• Storm-源码分析- Disruptor在storm中的使用


    Disruptor 2.0, (http://ifeve.com/disruptor-2-change/)

    Disruptor为了更便于使用, 在2.0做了比较大的调整, 比较突出的是更换了几乎所有的概念名

    老版本,

    image

    新版本,

    image

    从左到右的变化如下,

    1. Producer –> Publisher
    2. ProducerBarrier被integrate到RingBuffer里面, 叫做PublishPort, 提供publish接口
    3. Entry –> Event
    4, Cursor封装成Sequence, 其实Sequence就是将cursor+pading封装一下
    5. Consumer –> EventProcesser
    6. ConsumerBarrier 变为DependencyBarrier, 或SequenceBarrier

    并且对于publisher和EventProcesser, 存在ClaimStrategy和WaitStrategy
    对于publisher的ClaimStrategy, 由于publisher需要先claim到sequencer才能publish: SingleThreadedClaimStrategy, MultiThreadedClaimStrategy, 应该是对于singlethread不需要使用CAS更为高效
    对于EventProcesser的WaitStrategy, 当取不到数据的时候采用什么样的策略进行等待: BlockingWaitStrategy, BusySpinWaitStrategy, SleepingWaitStrategy, YieldingWaitStrategy
    Blocking就是同步加锁, BusySpin就是忙等耗CPU, 都比较低效
    Yielding就是调用thread.yeild(), 把线程的从可执行状态调整成就绪装, 意思我先息下, 你们忙你们先来, 就是把CPU让给其他的线程, 但是yeild并不保证过多久线程被执行, 如果没有其他线程, 可能会被立即执行
    而sleep, 会强制线程休眠指定时间, 然后再重新调度

     

    DisruptorQueue.java

        static final Object FLUSH_CACHE = new Object(); //特殊对象, 当consumer取到时, 触发cache queue的flush
        static final Object INTERRUPT = new Object(); //特殊对象, 当consumer取到时, 触发InterruptedException
        
        RingBuffer<MutableObject> _buffer; //Disruptor的主要的数据结构RingBuffer
        Sequence _consumer; //consumer读取序号
        SequenceBarrier _barrier; //用于consumer监听RingBuffer的序号情况
        
        // TODO: consider having a threadlocal cache of this variable to speed up reads?
        volatile boolean consumerStartedFlag = false; //标志consumer是否start, 由于需要在change后其他线程可以马上知道, 所以使用volatile
        ConcurrentLinkedQueue<Object> _cache = new ConcurrentLinkedQueue(); //当consumer没有start的时候, cache event的queue

    ConcurrentLinkedQueue, 使用CAS而非lock来实现的线程安全队列, 具体参考(http://blog.sina.com.cn/s/blog_5efa3473010129pj.html)

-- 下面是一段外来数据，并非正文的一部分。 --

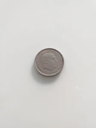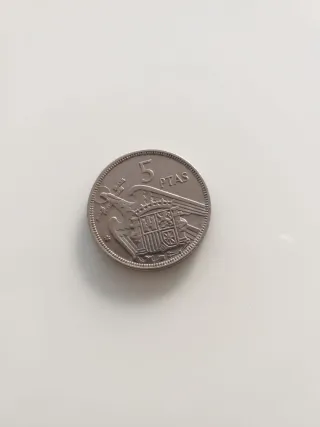 Moneda de 5 pesetas de Franco. - Año: 1957 (estrella 75). - Diseño: Águila. - Canto: Estrellas.

    首先声明一组变量, 部分会在构造函数中被初始化
    最重要的结构就是RingBuffer, 这是个模板类, 这里从ObjectEventFactory()的实现也可以看出来, 初始化的时候在ringbuffer的每个entry上都创建一个MutableObject对象

    MutableObject的实现很简单, 这是封装了object o, 为什么要做这层封装?
    为了避免Java GC, 对于RingBuffer一旦初始化好, 上面的所有的MutableObject都不会被释放, 你只是去对object o, set不同的值

    _buffer = new RingBuffer<MutableObject>(new ObjectEventFactory(), claim, wait);
    public static class ObjectEventFactory implements EventFactory<MutableObject> {
        @Override
        public MutableObject newInstance() {
            return new MutableObject();
        }        
    }
    public class MutableObject {
        Object o = null;
    }


    Publish

    Publish过程, 可见当前ProducerBarrier已经被集成到RingBuffer里面, 所以直接调用_buffer的接口
    首先调用next, claim序号
    取出序号上的MutableObject, 并将输入obj set
    最后, publish当前序号, 表示consumer可以读取
    当consumer没有start时, 会将obj cache在_cache中, 而不会放到ringbuffer中 (我没有想明白why? 为何要使用低效的链表queue来cache, 而不直接放到ringbuffer里面)

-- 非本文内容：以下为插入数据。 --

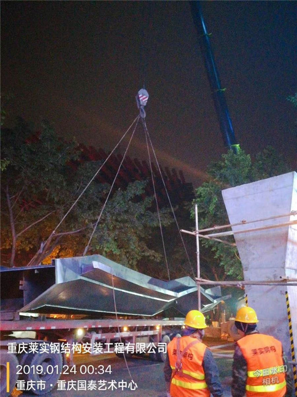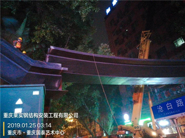 2019年1月25日,随着第三段钢梁起吊就位,由重庆莱实钢结构集团承建的洪崖洞沧白路人行天桥工程钢结构主体顺利合拢。

        public void publish(Object obj, boolean block) throws InsufficientCapacityException {
            if(consumerStartedFlag) {
                final long id;
                if(block) {
                    id = _buffer.next();
                } else {
                    id = _buffer.tryNext(1);
                }
                final MutableObject m = _buffer.get(id);
                m.setObject(obj);
                _buffer.publish(id);
            } else {
                _cache.add(obj);
                if(consumerStartedFlag) flushCache();
            }
        }

    Consume

    consume的过程, 这里实现的时Batch consume, 即给定Cursor, 会一直consume到该cursor为止

    _consumer代表当前已经被consume的序号, 所以从_consumer.get() + 1开始读
    取出MutableObject中的o, 并将MutableObject 清空
    根据o的情况, 3种情况,
        1. 如果是FLUSH_CACHE对象, 将cache中的event读出调用handler.onEvent
        2. 如果是INTERRUPT对象, 触发InterruptedException
        3. 正常情况, 直接调用handler.onEvent处理该o, curr == cursor判断表示batch是否结束, 当读到cursor的时候结束

    最终将_consumer置为cursor, 表示已经读到cursor位置

        private void consumeBatchToCursor(long cursor, EventHandler<Object> handler) {
            for(long curr = _consumer.get() + 1; curr <= cursor; curr++) {
                try {
                    MutableObject mo = _buffer.get(curr);
                    Object o = mo.o;
                    mo.setObject(null);
                    if(o==FLUSH_CACHE) {
                        Object c = null;
                        while(true) {                        
                            c = _cache.poll();
                            if(c==null) break;
                            else handler.onEvent(c, curr, true);
                        }
                    } else if(o==INTERRUPT) {
                        throw new InterruptedException("Disruptor processing interrupted");
                    } else {
                        handler.onEvent(o, curr, curr == cursor);
                    }
                } catch (Exception e) {
                    throw new RuntimeException(e);
                }
            }
            //TODO: only set this if the consumer cursor has changed?
            _consumer.set(cursor);
        }

    backtype.storm.disruptor.clj

    创建DisruptorQueue, 选用MultiThreadedClaimStrategy和BlockingWaitStrategy

    (defnk disruptor-queue [buffer-size :claim-strategy :multi-threaded :wait-strategy :block]
      (DisruptorQueue. ((CLAIM-STRATEGY claim-strategy) buffer-size)
                       (mk-wait-strategy wait-strategy)
                       ))

    并封装一系列Java接口
    最重要的工作是, 启动consume-loop
    这里ret是closeover了一个间隔为0的不停执行(consume-batch-when-available queue handler) 的线程, 而consumeBatchWhenAvailable的实现就是不停的sleep并调用consumeBatchToCursor

    并且通过consumer-started!通知其他线程consumer已经start

    (defnk consume-loop* [^DisruptorQueue queue handler :kill-fn (fn [error] (halt-process! 1 "Async loop died!"))
                          :thread-name nil]
      (let [ret (async-loop
                  (fn []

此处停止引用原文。